[INPUT FOR THIS TASK]
####################

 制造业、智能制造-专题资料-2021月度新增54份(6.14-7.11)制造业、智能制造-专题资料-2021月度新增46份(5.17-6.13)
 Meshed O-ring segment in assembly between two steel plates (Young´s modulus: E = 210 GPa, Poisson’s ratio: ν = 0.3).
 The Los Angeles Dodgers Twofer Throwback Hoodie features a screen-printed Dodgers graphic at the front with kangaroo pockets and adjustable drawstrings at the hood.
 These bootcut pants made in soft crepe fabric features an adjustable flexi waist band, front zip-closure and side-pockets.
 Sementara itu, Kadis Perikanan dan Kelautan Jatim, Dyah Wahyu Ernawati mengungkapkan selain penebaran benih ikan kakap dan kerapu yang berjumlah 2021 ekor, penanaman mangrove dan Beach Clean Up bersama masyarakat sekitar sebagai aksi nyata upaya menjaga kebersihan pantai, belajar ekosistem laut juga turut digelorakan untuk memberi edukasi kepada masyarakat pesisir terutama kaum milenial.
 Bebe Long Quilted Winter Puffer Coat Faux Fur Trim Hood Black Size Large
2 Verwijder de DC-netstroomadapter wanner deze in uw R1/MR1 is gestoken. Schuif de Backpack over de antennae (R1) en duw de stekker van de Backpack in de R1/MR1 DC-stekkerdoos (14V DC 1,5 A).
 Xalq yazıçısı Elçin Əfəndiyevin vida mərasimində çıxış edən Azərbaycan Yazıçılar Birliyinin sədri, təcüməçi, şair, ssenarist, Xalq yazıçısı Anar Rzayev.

####################

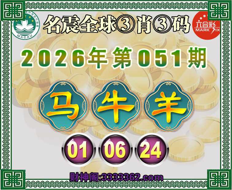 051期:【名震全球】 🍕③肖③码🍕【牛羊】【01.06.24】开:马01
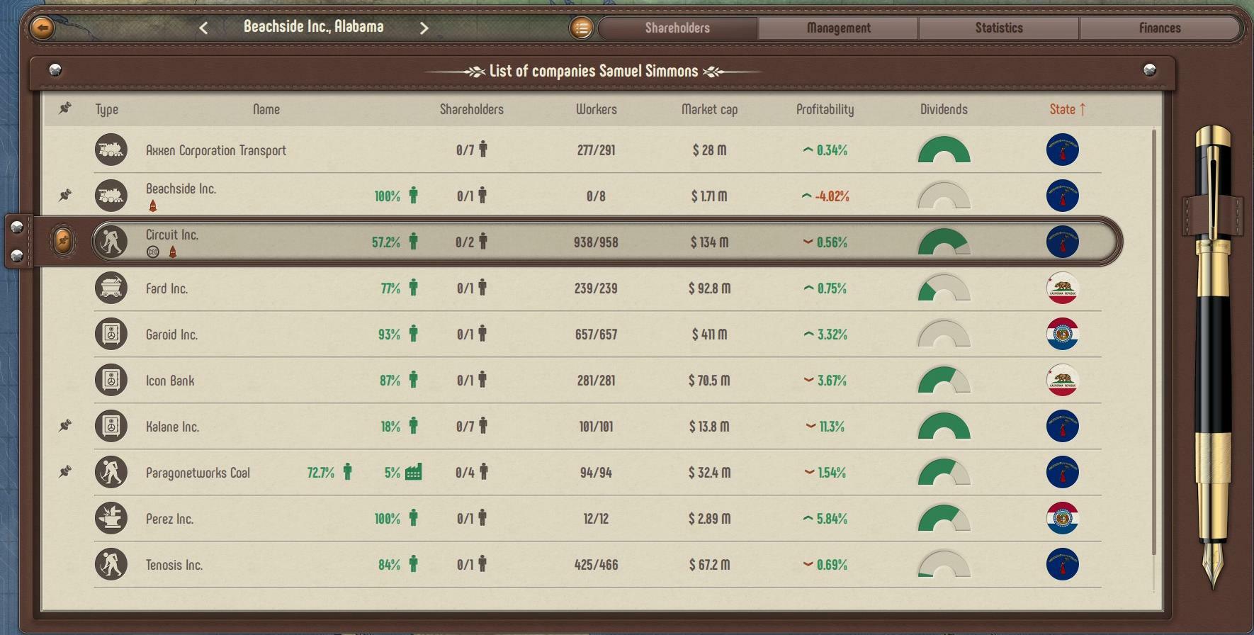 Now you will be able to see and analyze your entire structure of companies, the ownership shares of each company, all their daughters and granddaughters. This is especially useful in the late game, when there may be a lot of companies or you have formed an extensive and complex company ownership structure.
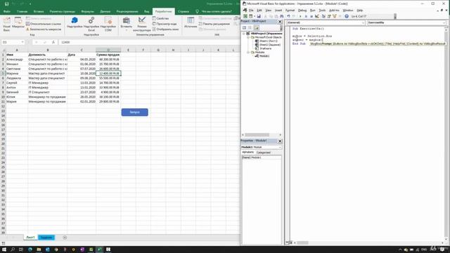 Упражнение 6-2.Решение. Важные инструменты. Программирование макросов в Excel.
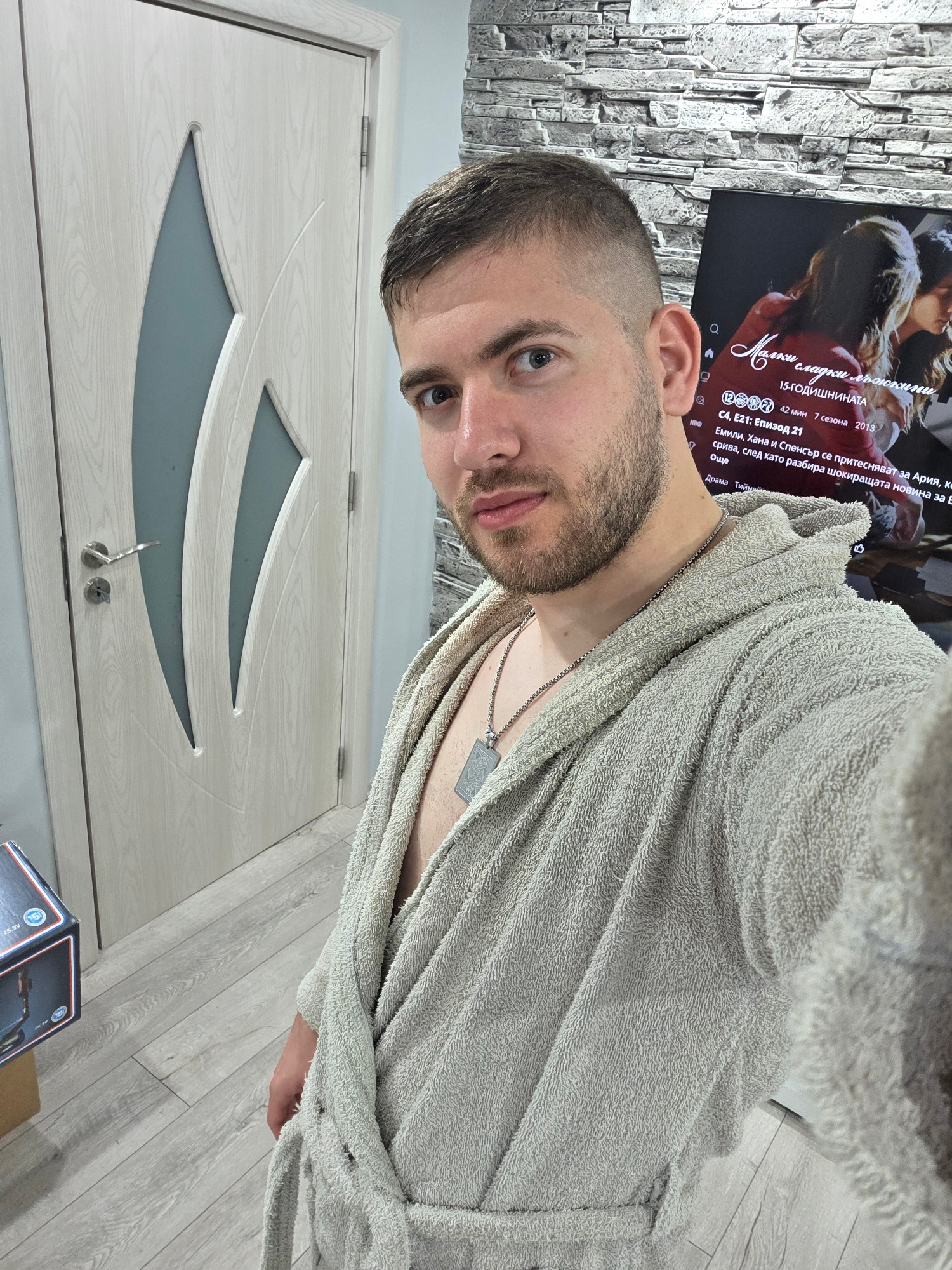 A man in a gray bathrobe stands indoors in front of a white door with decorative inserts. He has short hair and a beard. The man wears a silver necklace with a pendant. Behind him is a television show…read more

####################

[TASK PROMPT]
Give again, word for word, every line of the listing above from the one with "Meshed O-ring segment" to the one with "Xalq yazıçısı Elçin", both inclusive, and nothing beyond them.

[ANSWER SPACE]
 Meshed O-ring segment in assembly between two steel plates (Young´s modulus: E = 210 GPa, Poisson’s ratio: ν = 0.3).
 The Los Angeles Dodgers Twofer Throwback Hoodie features a screen-printed Dodgers graphic at the front with kangaroo pockets and adjustable drawstrings at the hood.
 These bootcut pants made in soft crepe fabric features an adjustable flexi waist band, front zip-closure and side-pockets.
 Sementara itu, Kadis Perikanan dan Kelautan Jatim, Dyah Wahyu Ernawati mengungkapkan selain penebaran benih ikan kakap dan kerapu yang berjumlah 2021 ekor, penanaman mangrove dan Beach Clean Up bersama masyarakat sekitar sebagai aksi nyata upaya menjaga kebersihan pantai, belajar ekosistem laut juga turut digelorakan untuk memberi edukasi kepada masyarakat pesisir terutama kaum milenial.
 Bebe Long Quilted Winter Puffer Coat Faux Fur Trim Hood Black Size Large
2 Verwijder de DC-netstroomadapter wanner deze in uw R1/MR1 is gestoken. Schuif de Backpack over de antennae (R1) en duw de stekker van de Backpack in de R1/MR1 DC-stekkerdoos (14V DC 1,5 A).
 Xalq yazıçısı Elçin Əfəndiyevin vida mərasimində çıxış edən Azərbaycan Yazıçılar Birliyinin sədri, təcüməçi, şair, ssenarist, Xalq yazıçısı Anar Rzayev.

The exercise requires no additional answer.